Фон Дезин подвел Ушакова к накрытому сукном столу, стоявшему против мест для публики, усадил на стул рядом с собой. Вскоре к ним присоединились вице-адмирал Карцов, контр-адмирал Сарычев, правитель канцелярии Игнатьев и еще каких-то два чиновника, которых Ушаков видел впервые. Места за столом хватило всем, два стула даже свободными остались.
Публика тоже усаживалась, но усаживалась шумно, двигая стульями и не прекращая разговоров. Поднявшись во весь свой рост, фон Дезин непрерывно звонил в колокольчик, призывая прекратить шум. Он был старше Ушакова на пять лет, но выглядел моложе. Широкоплеч, могуч. На гладком сытом лице его играла самодовольная улыбка. Сегодня у него было отличное настроение.
— Господа, — заговорил он своим густым баритоном, когда все наконец уселись и в зале стало тихо, — я имею удовольствие сообщить вам радостнейшую весть. Наш несравненный монарх император Александр заключил в Тильзите мир с Наполеоном. Отныне французы нам не враги, отныне они нам друзья и союзники.
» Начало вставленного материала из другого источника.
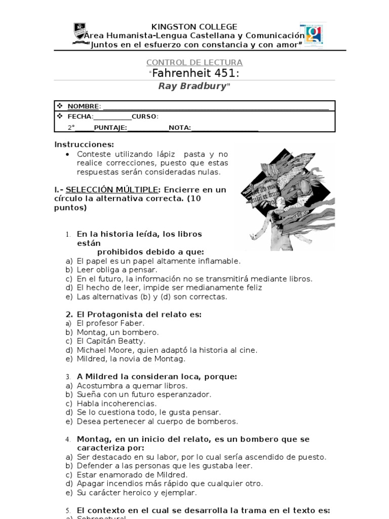 Preguntas De Examen Sobre Fahrenheit 451. Cuestionario guía de análisis de fahrenheit 451 de ray bradbury. 3) ¿por qué esta novela pertenece al género de la ciencia ficción?
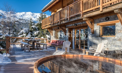 Au sommet de Méribel, sur la très convoitée Route de l'Altiport, se trouve le Chalet Arpège. Ce refuge confidentiel marie l'élégance des matériaux nobles à des prestations haut de gamme, pensées pour les amoureux de la montagne en quête de raffinement et de confort. À moins de 80 mètres du télésiège du Morel, il permet un accès immédiat aux pistes, tout en offrant un cocon intime et chaleureux. Avec ses 287 m² répartis sur quatre étages, il a été imaginé pour recevoir jusqu'à 14 personnes dans une atmosphère de maison de famille, où chaque espace invite à la convivialité. Dès l'entrée, les volumes sont généreux, finitions soignées, et une atmosphère feutrée qui se prolonge jusque dans les moindres recoins. Le salon, centré autour d'une cheminée, s'ouvre sur un balcon baigné de soleil, tandis que la salle à manger et la vaste terrasse extérieure offrent un décor parfait pour des déjeuners face aux sommets enneigés. Le chalet propose également un espace bien-être avec jacuzzi, idéal pour des instants de détente après une journée sur les pistes. Chaque chambre bénéficie de vues imprenables et d'un balcon privatif ainsi que d'une salle de bain ou salle d'eau. Les prestations pratiques, telles qu'un ski room, une buanderie et un garage, complètent ce tableau d'exception. Trois places de stationnement extérieures assurent un accueil aisé pour les invités, transformant chaque séjour en une parenthèse de repos et sans contraintes.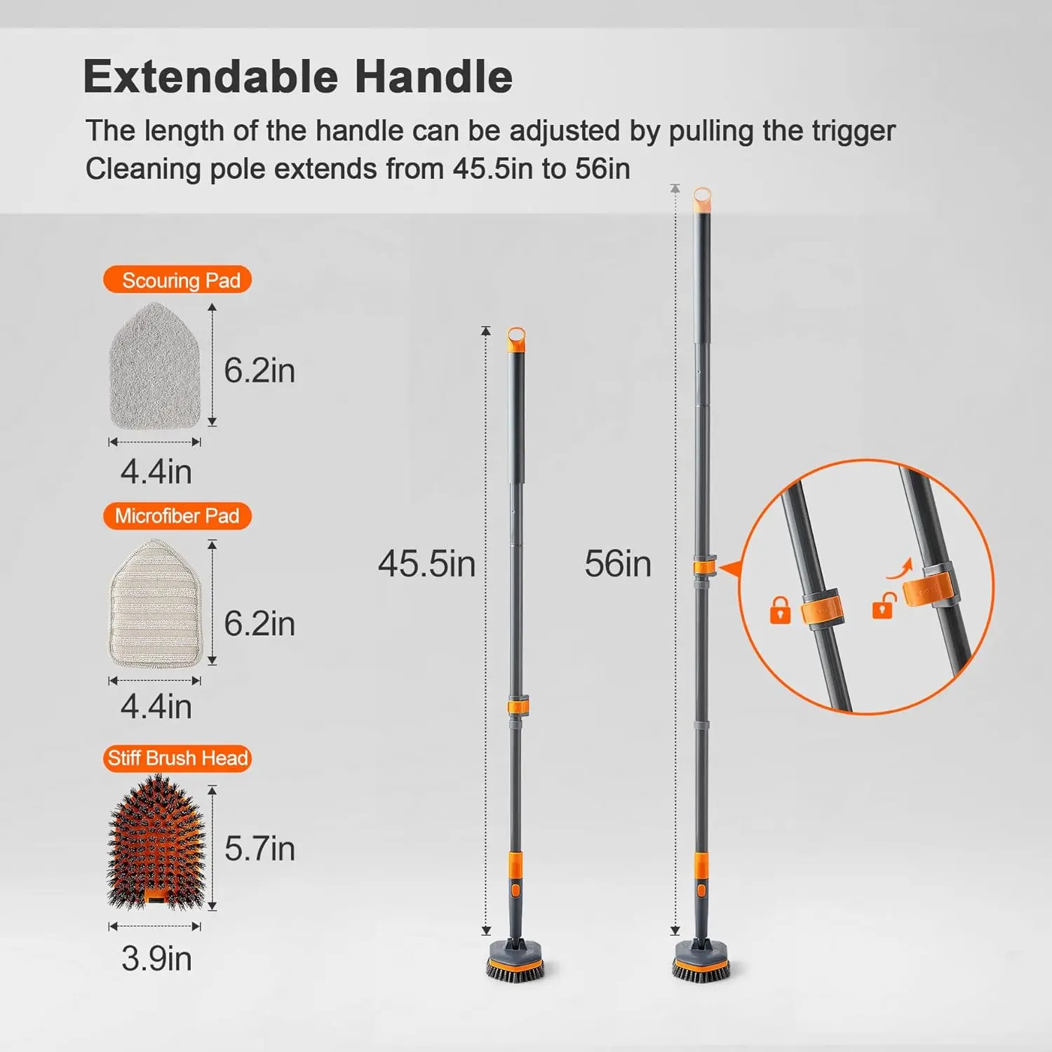 ·Product SpecificationsThe scrubber features an extendable handle ranging from approximately 45 to 56 inches. It includes three cleaning heads: a stiff bristle brush, scouring pads, and a microfiber pad. The handle is made of stainless steel for durability, while the heads are designed for safe use on multiple surfaces. Suitable for bathroom, kitchen, and general household cleaning.

Виват, господа!
Зал поднялся в едином верноподданническом порыве и прокричал:
— Виват! Виват!
Ушаков тоже поднялся (не оставаться же одному!) и вместе со всеми тоже крикнул:
— Виват!
— Справедливейший мир, заключенный в Тильзите, — с пафосом продолжал фон Дезин, — есть победа мудрой политики нашего любимого императора. Ура!
— Ура-а!
— Отныне на земле нашей воцаряется мир.
— А Турция? — выкрикнул кто-то.
— Турция нам не страшна…
Фон Дезин жестом руки предложил всем сесть и уже другим, спокойным голосом заговорил:
— Есть еще одно событие, господа. Сегодня мы провожаем… — Он задержался на этом слове и посмотрел на Ушакова, словно не мог вспомнить его фамилию. — Провожаем из рядов наших адмирала Ушакова по личному его прошению и высочайшему дозволению. — Тут фон Дезин снова посмотрел на Ушакова, на этот раз взглядом, предлагавшим ему подняться. Ушаков сделал вид, что не понял значения его взгляда, и остался сидеть. На лице фон Дезина выразилось недовольство, и ему понадобилось не менее минуты, чтобы взять себя в руки и возобновить речь: — Господа, на этом собрании вряд ли понадобятся слова в похвалу заслуг нашего сослуживца. Дозвольте ограничиться прочтением указа Адмиралтейств-коллегии, подготовленного по случаю увольнения от службы его высокопревосходительства.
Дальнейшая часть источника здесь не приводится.